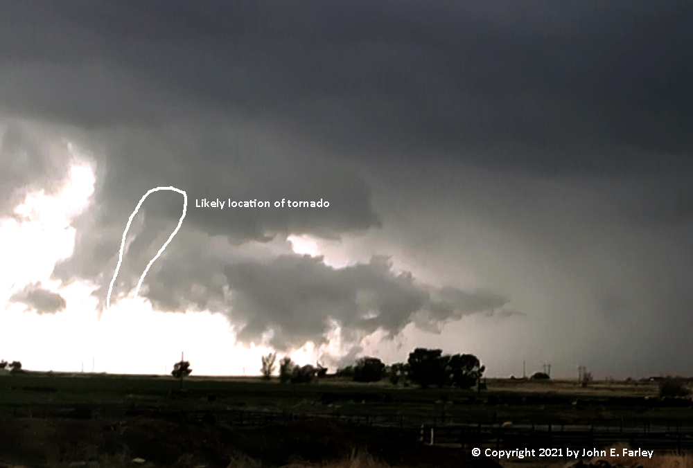 Could have been quite a view if the scud had not largely blocked the view, but I will not complain when I even briefly saw the only tornado in Colorado and one of only two reported in the United States on this day. Honestly, I would never have thought this was a tornado and did not think so at the time, but after seeing that there was a ground circulation and that it occurred right in the direction where I was looking, there is no doubt it was and that I saw at least part of it.
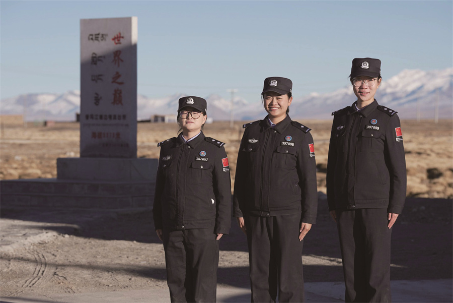 普瑪江塘三位女警在“世界之巔”石碑前合影,左起:李天嬌、李紅炎、武慧。
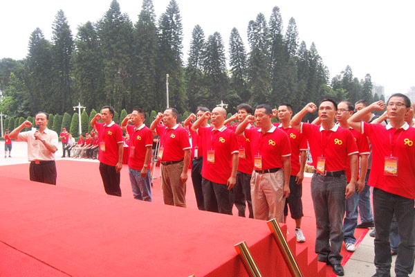 农民工党员代表在广州起义烈士陵园纪念碑前举行宣誓活动

□ □ □ □ □

YOUR GOAL: Copy out all the data above exactly as written. Skip the pictures.

RESULT OF THIS TASK:
 Could have been quite a view if the scud had not largely blocked the view, but I will not complain when I even briefly saw the only tornado in Colorado and one of only two reported in the United States on this day. Honestly, I would never have thought this was a tornado and did not think so at the time, but after seeing that there was a ground circulation and that it occurred right in the direction where I was looking, there is no doubt it was and that I saw at least part of it.
 普瑪江塘三位女警在“世界之巔”石碑前合影,左起:李天嬌、李紅炎、武慧。
 农民工党员代表在广州起义烈士陵园纪念碑前举行宣誓活动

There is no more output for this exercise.